**Brief**
All pictures are to be skipped; retype only the lines from the top of the entries through the line with "To the husband", both included.

**Stored records**
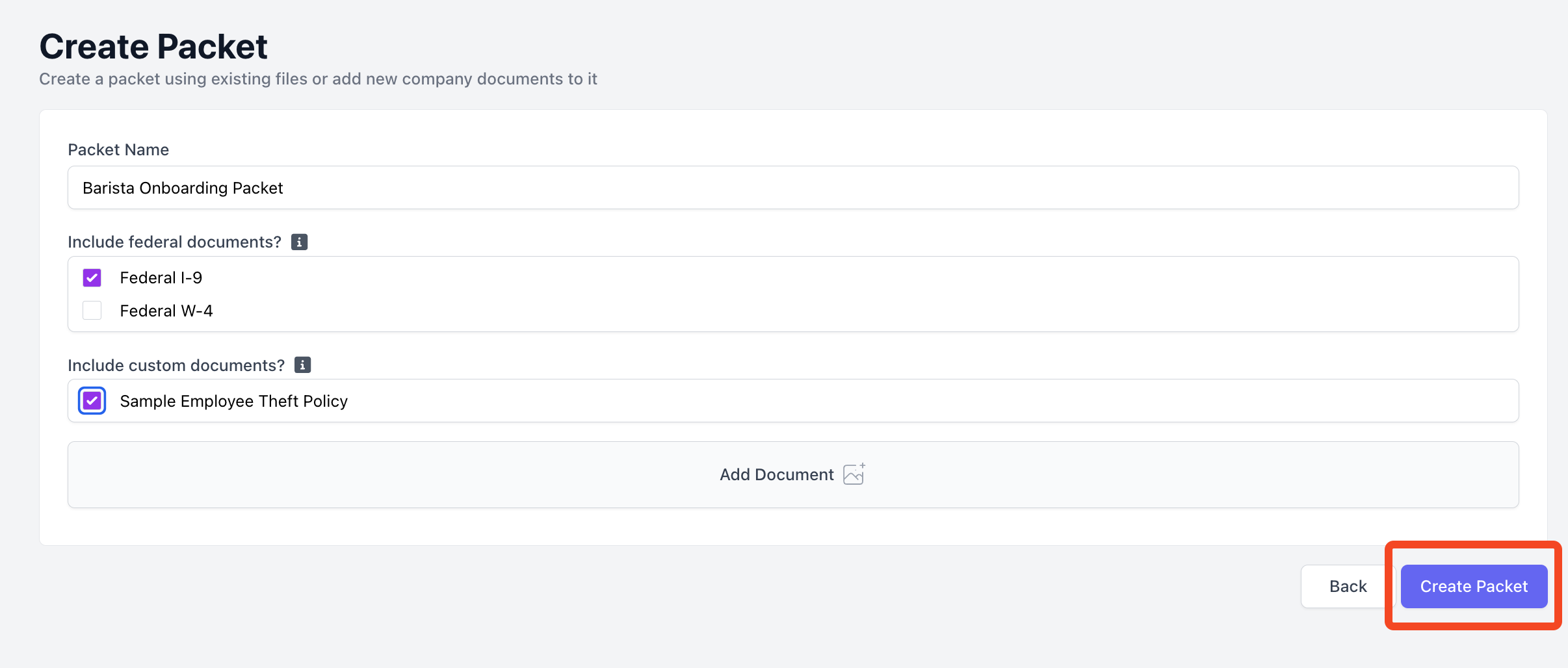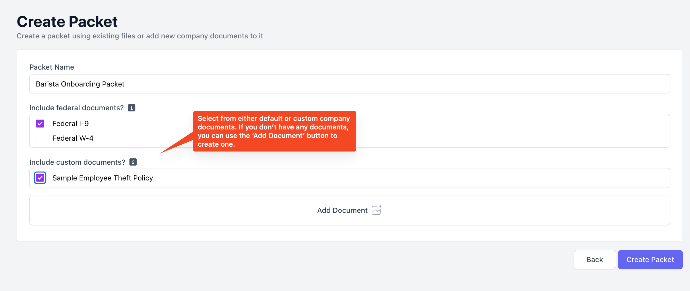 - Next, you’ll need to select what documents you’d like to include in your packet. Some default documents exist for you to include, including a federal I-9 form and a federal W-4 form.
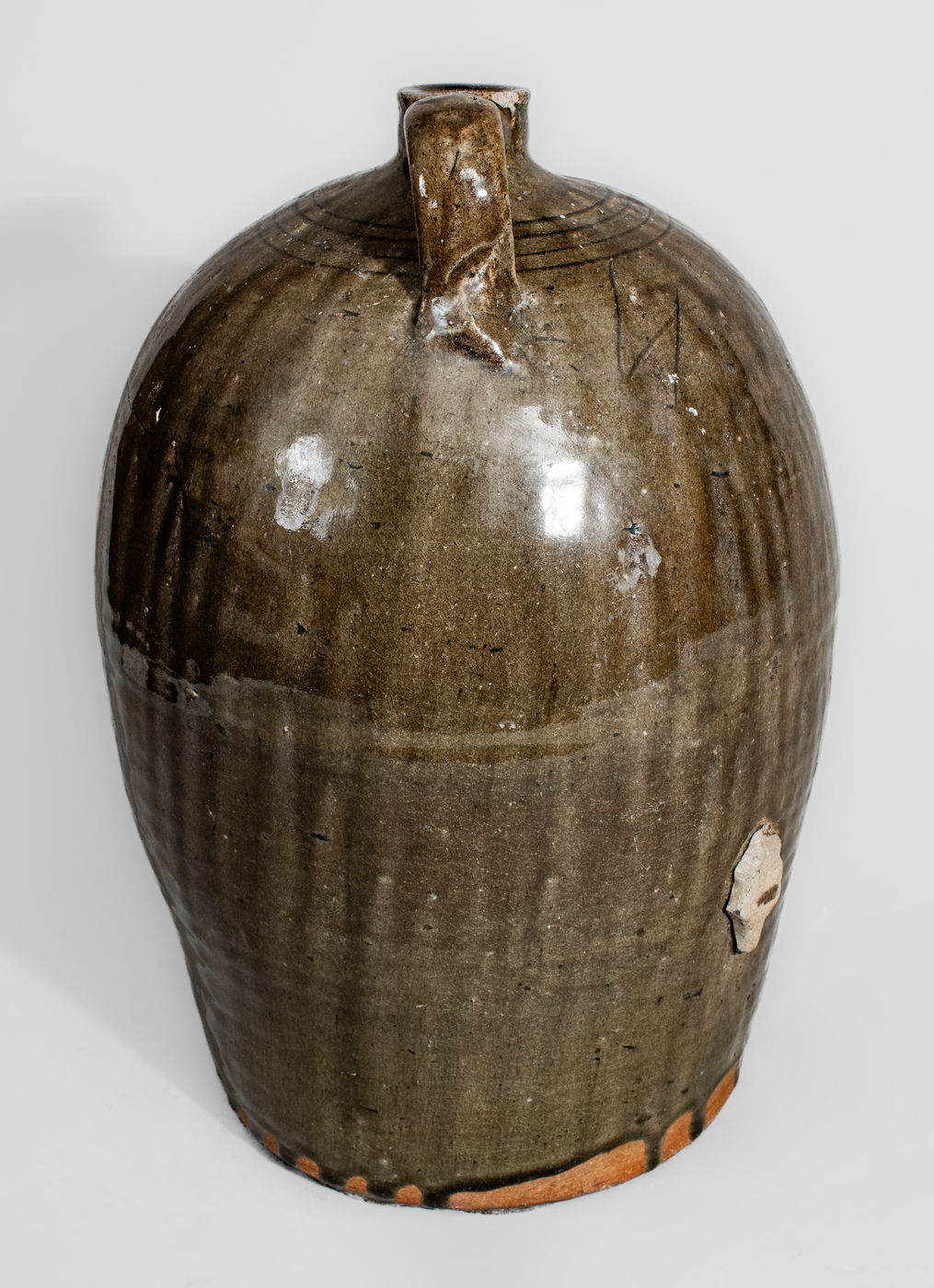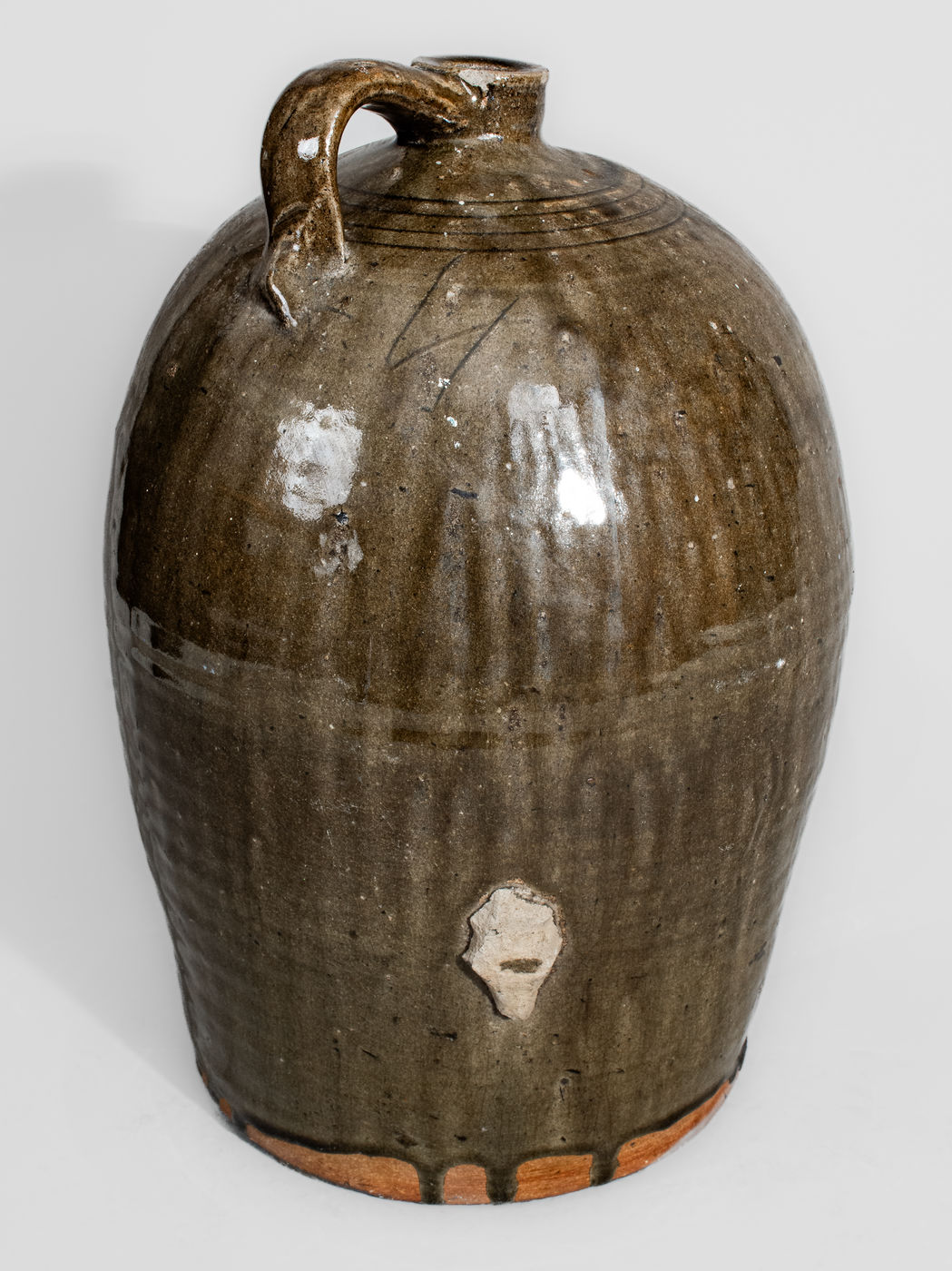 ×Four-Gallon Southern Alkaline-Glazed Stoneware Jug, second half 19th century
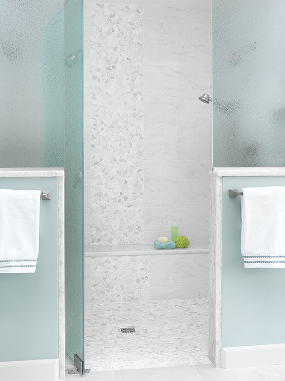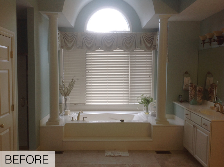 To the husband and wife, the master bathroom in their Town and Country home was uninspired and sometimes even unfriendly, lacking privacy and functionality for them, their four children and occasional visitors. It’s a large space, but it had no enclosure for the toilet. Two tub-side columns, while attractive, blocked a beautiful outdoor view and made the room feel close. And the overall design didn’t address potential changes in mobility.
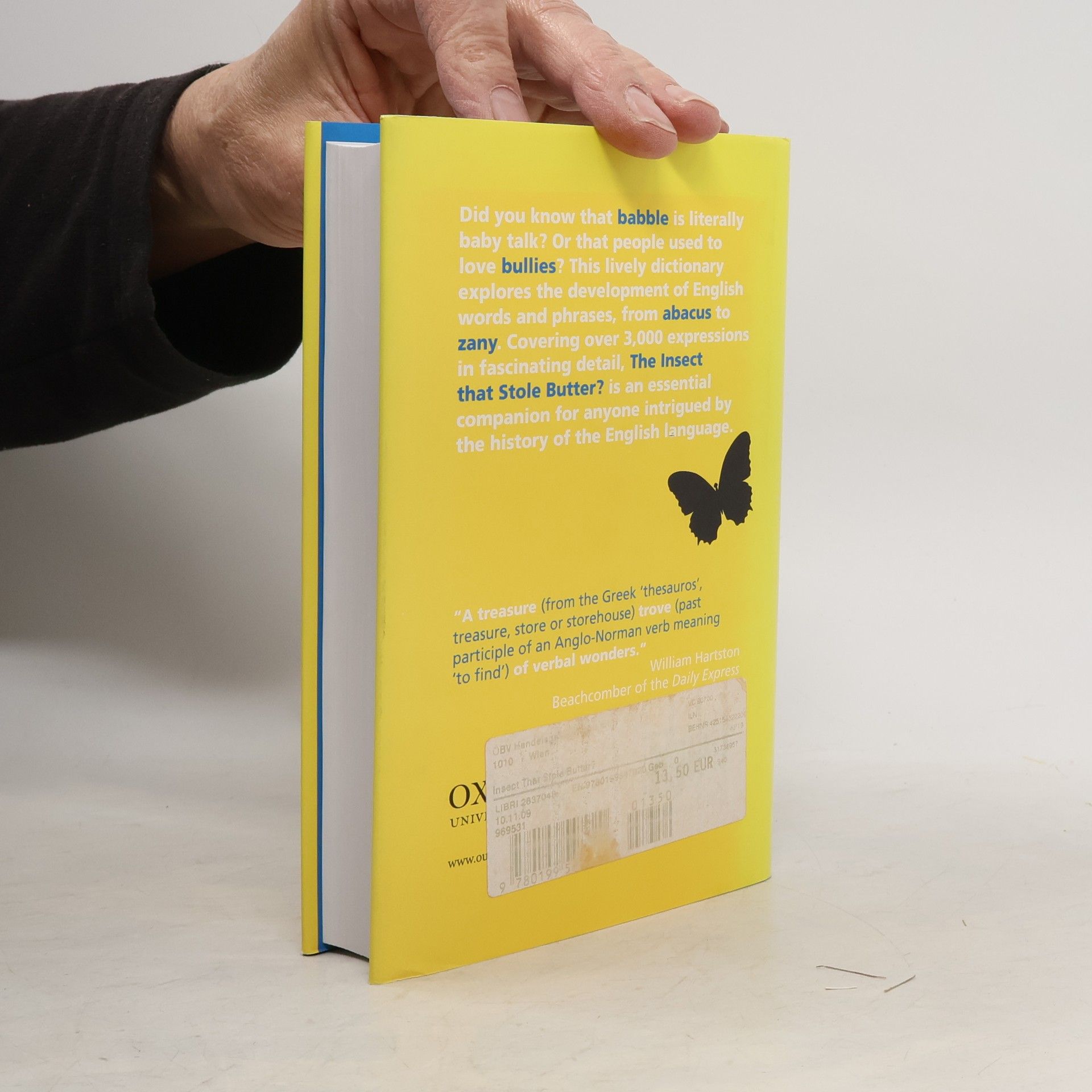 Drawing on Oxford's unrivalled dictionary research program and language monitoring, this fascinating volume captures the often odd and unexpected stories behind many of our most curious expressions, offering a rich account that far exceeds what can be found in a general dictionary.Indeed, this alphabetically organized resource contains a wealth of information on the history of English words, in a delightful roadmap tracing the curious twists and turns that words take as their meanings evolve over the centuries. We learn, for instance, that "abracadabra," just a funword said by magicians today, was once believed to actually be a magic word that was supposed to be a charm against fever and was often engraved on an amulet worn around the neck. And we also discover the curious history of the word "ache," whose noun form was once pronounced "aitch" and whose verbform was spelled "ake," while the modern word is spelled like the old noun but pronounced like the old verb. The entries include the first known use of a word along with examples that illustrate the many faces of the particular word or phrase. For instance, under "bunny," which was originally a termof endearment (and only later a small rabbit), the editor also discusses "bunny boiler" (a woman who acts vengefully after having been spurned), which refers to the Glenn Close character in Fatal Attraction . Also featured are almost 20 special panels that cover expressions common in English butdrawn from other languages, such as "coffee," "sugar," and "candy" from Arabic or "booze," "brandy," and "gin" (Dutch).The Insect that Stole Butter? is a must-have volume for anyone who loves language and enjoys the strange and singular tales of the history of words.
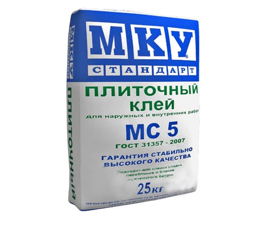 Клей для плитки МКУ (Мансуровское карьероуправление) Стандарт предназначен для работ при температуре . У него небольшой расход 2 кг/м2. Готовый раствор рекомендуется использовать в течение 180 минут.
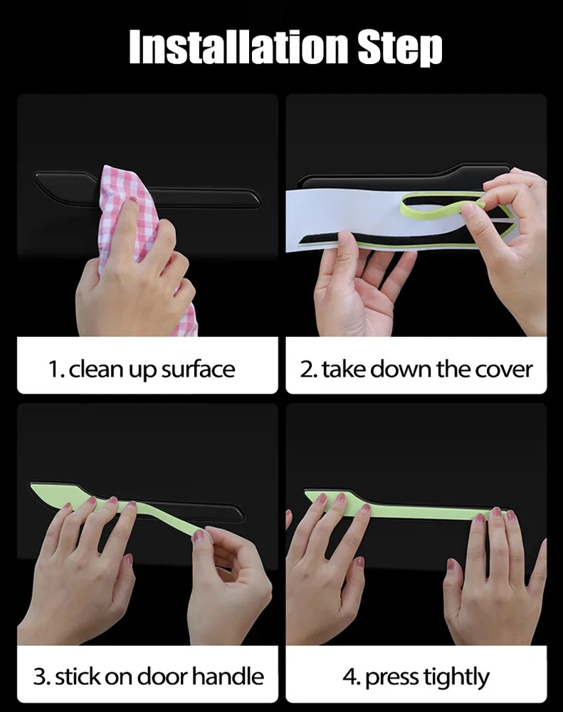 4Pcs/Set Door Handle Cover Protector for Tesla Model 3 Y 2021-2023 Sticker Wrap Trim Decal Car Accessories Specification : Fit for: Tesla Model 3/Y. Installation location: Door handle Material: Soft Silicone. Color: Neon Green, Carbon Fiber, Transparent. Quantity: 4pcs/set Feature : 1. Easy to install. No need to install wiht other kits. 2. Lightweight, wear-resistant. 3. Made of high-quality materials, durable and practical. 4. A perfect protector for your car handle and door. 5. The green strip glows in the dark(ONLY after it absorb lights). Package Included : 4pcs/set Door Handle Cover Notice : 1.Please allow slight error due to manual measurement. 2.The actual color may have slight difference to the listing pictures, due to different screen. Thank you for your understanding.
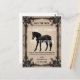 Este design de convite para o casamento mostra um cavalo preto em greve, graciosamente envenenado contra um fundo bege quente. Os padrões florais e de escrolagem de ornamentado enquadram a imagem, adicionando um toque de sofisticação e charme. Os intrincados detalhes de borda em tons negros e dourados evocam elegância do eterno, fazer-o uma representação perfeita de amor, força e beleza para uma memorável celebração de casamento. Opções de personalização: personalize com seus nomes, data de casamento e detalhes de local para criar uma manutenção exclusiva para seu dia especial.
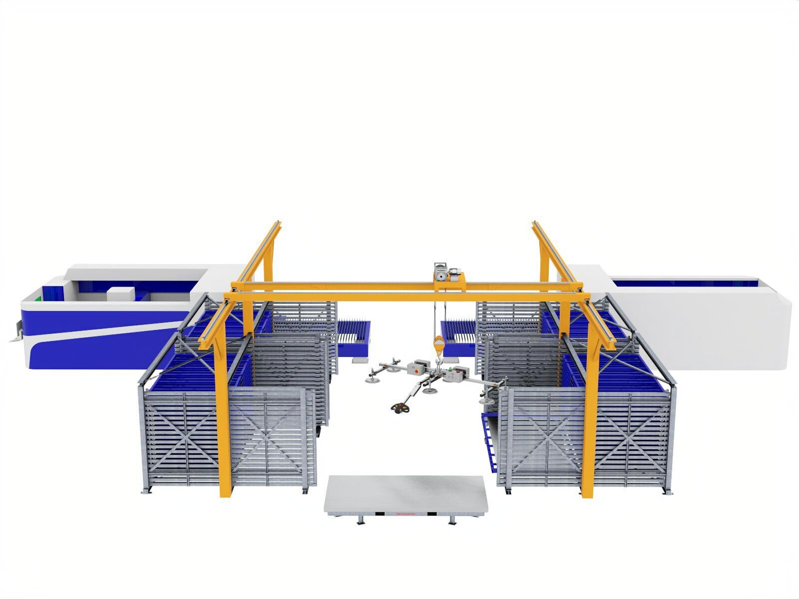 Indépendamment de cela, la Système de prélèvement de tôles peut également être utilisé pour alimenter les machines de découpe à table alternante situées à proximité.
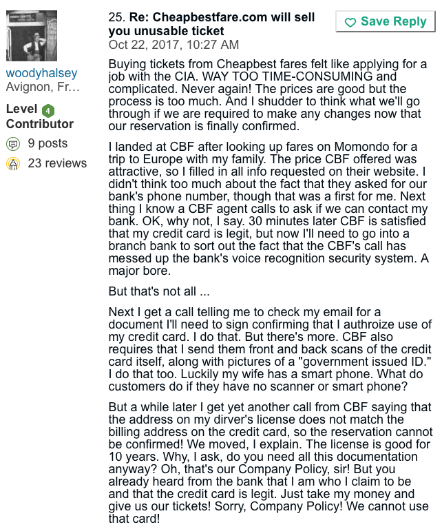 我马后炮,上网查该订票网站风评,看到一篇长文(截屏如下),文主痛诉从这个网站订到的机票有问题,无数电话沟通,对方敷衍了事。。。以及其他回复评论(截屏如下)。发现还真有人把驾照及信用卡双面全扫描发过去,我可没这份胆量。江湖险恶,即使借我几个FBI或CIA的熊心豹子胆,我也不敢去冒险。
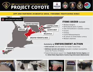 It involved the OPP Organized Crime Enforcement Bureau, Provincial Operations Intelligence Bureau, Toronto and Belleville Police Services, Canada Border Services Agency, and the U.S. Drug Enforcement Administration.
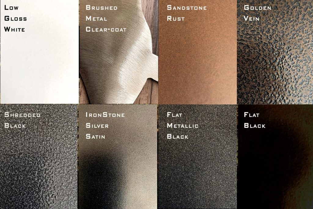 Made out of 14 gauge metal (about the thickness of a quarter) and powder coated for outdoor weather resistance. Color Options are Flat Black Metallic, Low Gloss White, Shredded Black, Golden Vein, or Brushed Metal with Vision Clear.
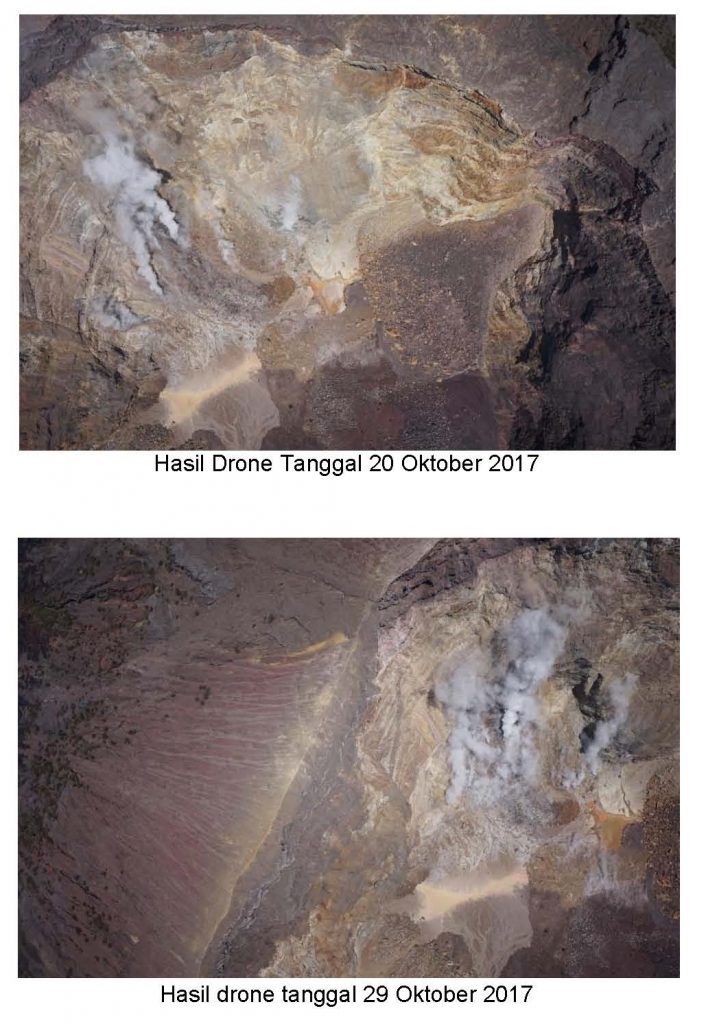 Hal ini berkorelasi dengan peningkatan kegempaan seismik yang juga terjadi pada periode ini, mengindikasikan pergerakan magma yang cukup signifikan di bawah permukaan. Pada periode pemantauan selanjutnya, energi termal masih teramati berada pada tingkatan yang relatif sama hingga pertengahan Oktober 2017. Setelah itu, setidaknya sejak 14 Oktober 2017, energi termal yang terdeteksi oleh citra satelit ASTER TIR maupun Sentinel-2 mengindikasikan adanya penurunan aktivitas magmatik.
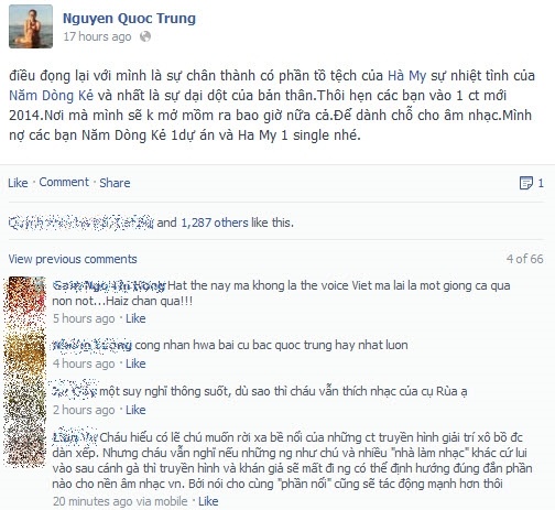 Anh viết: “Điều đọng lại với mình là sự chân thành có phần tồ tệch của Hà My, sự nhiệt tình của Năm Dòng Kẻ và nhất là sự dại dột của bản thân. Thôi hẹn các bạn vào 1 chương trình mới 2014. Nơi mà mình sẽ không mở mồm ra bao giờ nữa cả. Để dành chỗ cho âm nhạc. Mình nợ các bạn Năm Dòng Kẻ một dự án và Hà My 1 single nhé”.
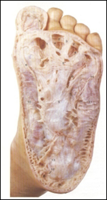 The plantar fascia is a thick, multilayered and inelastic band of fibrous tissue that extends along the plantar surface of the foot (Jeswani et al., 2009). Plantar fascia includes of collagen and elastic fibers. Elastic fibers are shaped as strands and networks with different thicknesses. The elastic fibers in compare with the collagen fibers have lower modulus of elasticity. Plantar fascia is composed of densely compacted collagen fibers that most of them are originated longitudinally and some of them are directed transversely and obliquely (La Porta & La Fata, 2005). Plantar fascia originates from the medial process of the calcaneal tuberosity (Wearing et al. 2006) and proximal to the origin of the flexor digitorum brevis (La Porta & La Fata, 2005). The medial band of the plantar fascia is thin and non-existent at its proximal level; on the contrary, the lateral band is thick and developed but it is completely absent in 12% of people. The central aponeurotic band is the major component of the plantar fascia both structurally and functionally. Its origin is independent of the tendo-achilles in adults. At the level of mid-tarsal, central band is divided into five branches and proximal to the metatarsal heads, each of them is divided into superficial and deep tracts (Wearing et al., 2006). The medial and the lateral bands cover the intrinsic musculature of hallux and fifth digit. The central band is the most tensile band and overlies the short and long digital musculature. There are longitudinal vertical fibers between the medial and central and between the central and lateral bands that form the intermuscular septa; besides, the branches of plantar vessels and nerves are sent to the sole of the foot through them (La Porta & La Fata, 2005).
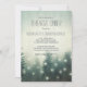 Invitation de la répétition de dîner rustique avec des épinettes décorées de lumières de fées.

**Solution to this exercise**
 - Next, you’ll need to select what documents you’d like to include in your packet. Some default documents exist for you to include, including a federal I-9 form and a federal W-4 form.
 ×Four-Gallon Southern Alkaline-Glazed Stoneware Jug, second half 19th century
 To the husband and wife, the master bathroom in their Town and Country home was uninspired and sometimes even unfriendly, lacking privacy and functionality for them, their four children and occasional visitors. It’s a large space, but it had no enclosure for the toilet. Two tub-side columns, while attractive, blocked a beautiful outdoor view and made the room feel close. And the overall design didn’t address potential changes in mobility.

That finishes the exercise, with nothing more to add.